An exact retyping of all lines below is the answer; pictures do not belong in it.

Dataset extract ::

* * * *

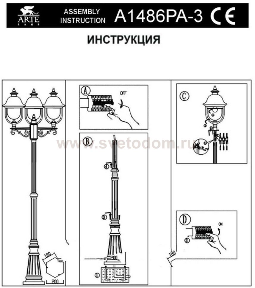 Купить уличный светильник Arte lamp A1486PA-3BK, представленный в нашем каталоге, можно с помощью онлайн-формы для заказа. Чтобы задать имеющиеся вопросы, звоните нам по указанным телефонам.
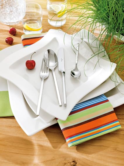 The New Wave flatware set by Villeroy and Boch will add vibrancy to your table setting. You will enjoy the polished, mirror-like finish and modern tapered handles of this beautiful 64-piece set. New Wave is an excellent choice for casual dining and formal gatherings alike.
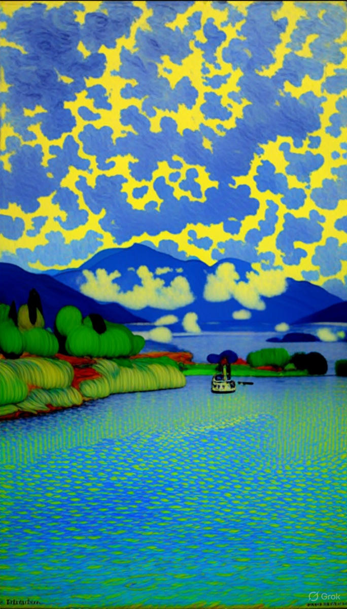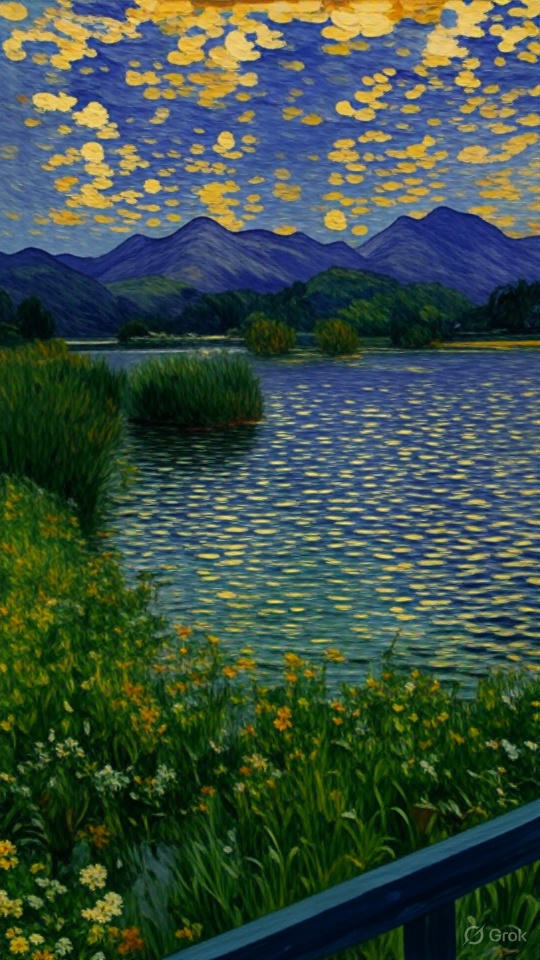 Lago de Amatitlán interpretado por Grok , con base en una foto mía, en el estilo de Claude Monet.
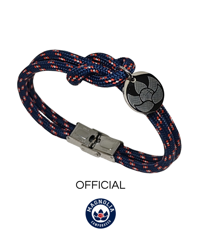BRACCIALE IN TESSUTO CON TRAMA ROSSO BLU E PENDENTE IN ACCIAIO CON INCISO SIMBOLO MAGNOLIA BASKET

* * * *

Answer to this task ::
 Купить уличный светильник Arte lamp A1486PA-3BK, представленный в нашем каталоге, можно с помощью онлайн-формы для заказа. Чтобы задать имеющиеся вопросы, звоните нам по указанным телефонам.
 The New Wave flatware set by Villeroy and Boch will add vibrancy to your table setting. You will enjoy the polished, mirror-like finish and modern tapered handles of this beautiful 64-piece set. New Wave is an excellent choice for casual dining and formal gatherings alike.
 Lago de Amatitlán interpretado por Grok , con base en una foto mía, en el estilo de Claude Monet.
BRACCIALE IN TESSUTO CON TRAMA ROSSO BLU E PENDENTE IN ACCIAIO CON INCISO SIMBOLO MAGNOLIA BASKET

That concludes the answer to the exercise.